Build description: The Mozilla-written files that describe what to build. This consists of a 'front-end' and a 'back-end'.
Front-end: The per-directory files that list what to build. For example, files like dom/base/Makefile.in are in this category.
Back-end: The make-specific files that allow the front-end build description to be processed by make. For example, config/rules.mk is in this category.

Background

Firefox is a large program with a recursive-make style build. This means that incremental builds, where a developer makes a few edits to source files and runs 'make', are slow. Additionally, changes to the build description (such as by adding compiler flags or moving/renaming source files) may generate incorrect output and force a 'make clean' to get a working build. Both of these aspects waste developer time. As a result, developers take shortcuts by running make in sub-directories to try to get the speed to a reasonable level. Effectively, this pushes some of the responsibility of the build system onto the developer. Since this practice is error prone, some attempts have been made to automate this with smartmake. The fact that the build system must be wrapped with a program to execute it correctly is further evidence that it is not up to the task.

Attempts have been made to port the mozilla-central repository to other build systems, such as cmake. Porting to a build-system generator such as cmake or gyp may produce some benefit in maintainability for the front-end build description, but this is a matter of taste. If a generator such as cmake is used to generate Makefiles and run 'make', this will not address the scalability and correctness issues described above, but merely change their appearance.

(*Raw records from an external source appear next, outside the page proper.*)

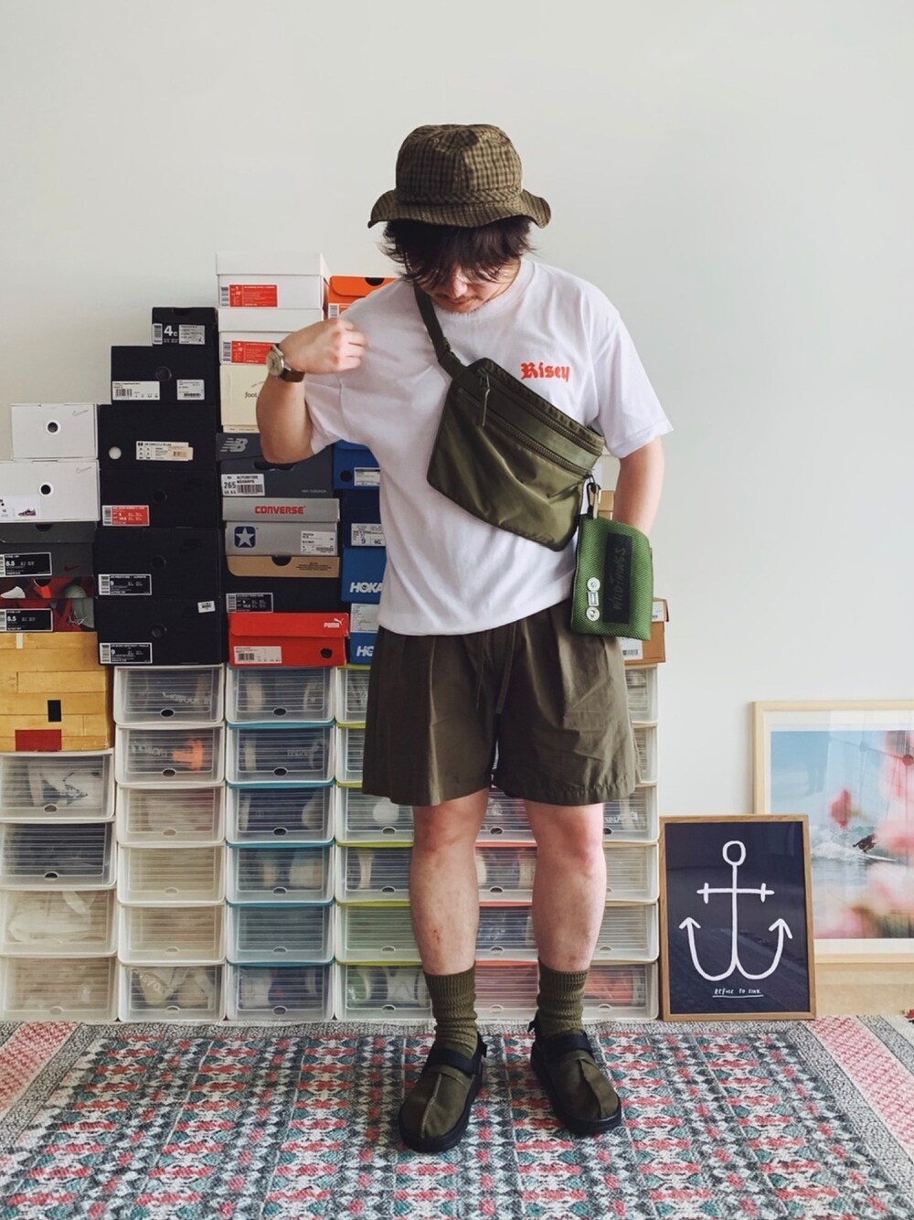 5.27 初夏穿搭🌻... 军绿主题穿搭,色系选择色度接近的单品,白色短Tee过渡衔接整套穿搭。 聊聊近期喜爱的两款单品,DANTON奔尼帽和Reebok Beatnik。 经典格纹奔尼帽,偏棕的格纹实物颜色很好搭配,轻盈透气的面料,穿戴舒适夏日首选。 Reebok Beatnik 2019复刻,实物还是比较惊喜,好穿好搭配,只是做工有欠佳,硬要和日系品牌凉鞋比较的话还是有差距,整体性价比和穿搭呈现还是不错的。 包袋: UNIQLO,WILD THINGS 帽子: DANTON 短袖: RISEY 裤子: PRAGMATY 长袜: Anonymous ism 鞋子: Reebok Beatnik
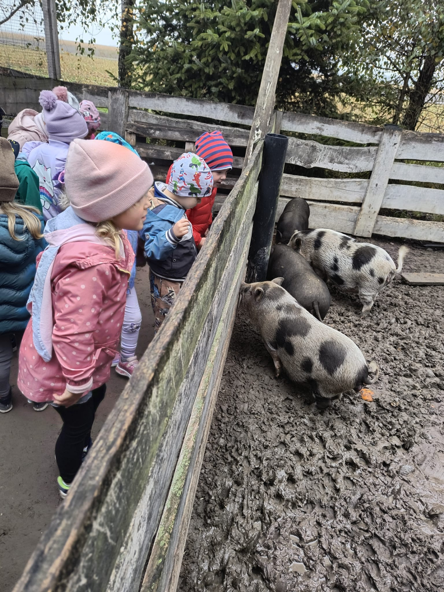 Dnia 9 października dzieci z naszego przedszkola -grupy Wiewiórki, Żabki, Mrówki i Sówki, wybrały się na wycieczkę do Gongolina. Podczas wyjazdu odwiedziliśmy gospodarstwo wiejskie, gdzie mogliśmy zobaczyć wiele zwierząt, takich jak: konie, kozy, owce, kury i króliki.
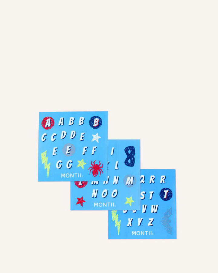 *Comes with a FREE set of Superhero stickers. Dishwasher safe, waterproof, and made to match your favourite Montii prints, each pack contains 3 sheets of stickers for you to personalise your Bento Boxes, Drink Bottles and more!*
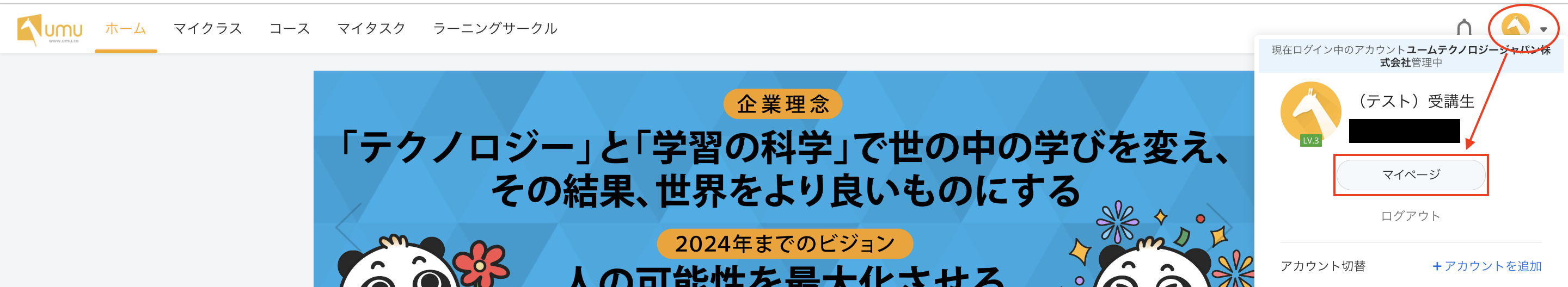 ① 右上のご自身のアイコンから「マイページ」をクリック

Additionally, work is underway to try to convert the recursive-make build system to a non-recursive make system by replacing the back-end rules files with a set of Makefiles that include everything in a single make invocation. This effort will produce some speed improvement, but not enough. It will fix some issues with incremental builds, but not all. Incremental builds will still be slower than is possible, and 'make clean' will still be necessary to solve errors in the build system.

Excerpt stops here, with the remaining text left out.